Regulation D, 506(b) offerings have been allowed for decades. Per Rule 506(b), sponsors can raise an unlimited amount of money for their real estate deals, as long as they have a pre-existing relationship with those investors. They are not allowed to utilize general solicitation or advertising to market their real estate securities. The upside is that under Reg. D, 506(b), sponsors can raise capital from an unlimited number of accredited investors and can also can raise capital from up to 35 non-accredited investors.
Regulation D, 506(c) is arguably what opened the door to today’s real estate private equity real estate marketplaces. Under Rule 506(c), created as part of the JOBS Act, anyone issuing securities may now utilize “general solicitation” or advertising to market their offerings to investors. Unlike Rule 506(b) offerings, these are only available to accredited investors.
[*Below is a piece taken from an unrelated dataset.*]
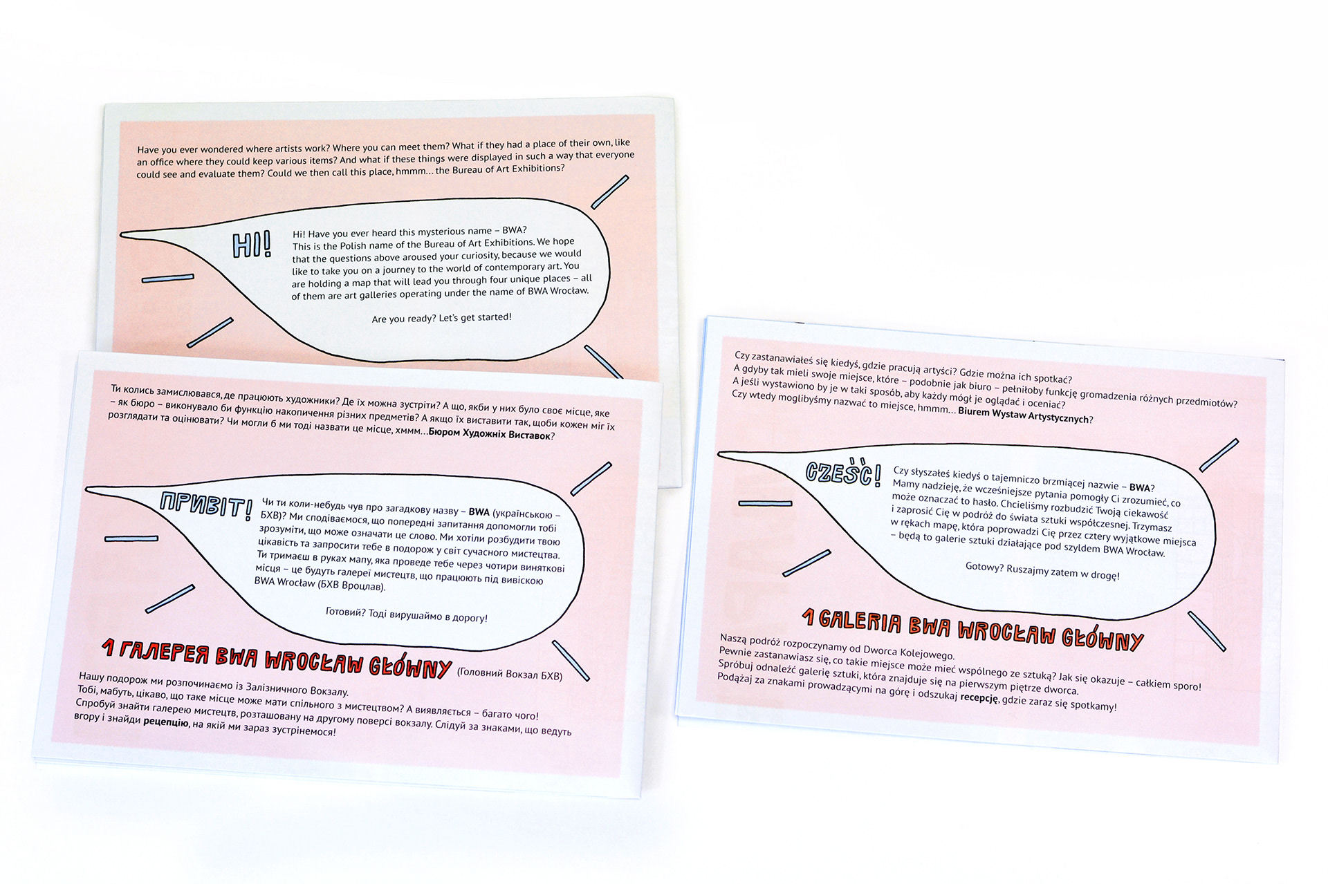 While one side of the booklet depicts a map of all four BWA Wrocław galleries, the other tackles the subject of contemporary art and the profile of each gallery. Complemented by a set of creative tasks and illustrations, it helps children better understand subjects addressed in contemporary art spaces and introduces them to visiting art galleries.

It is a common misconception that 506(c) – which is what sponsors are increasingly utilizing to raise money for their syndications because of the marketing options now available to them – is what sparked the advent of online real estate “crowdfunding.” In reality, all that 506(c) did was remove the requirement that sponsors have a pre-existing relationship with their investors. Now, sponsors can solicit investment from any accredited investor using an array of marketing and advertising techniques.
Therefore, it is more accurate to think of websites like CrowdStreet, RealtyMogul, RealCrowd and EquityMultiple as private equity real estate digital marketing and ecommerce platforms that help sponsors advertise their real estate syndications as they look to procure capital for their deals and gain committed funds from qualified investors. True “crowdfunding” platforms are subject to an entirely different set of SEC regulations (see Regulation CF Crowdfunding, below).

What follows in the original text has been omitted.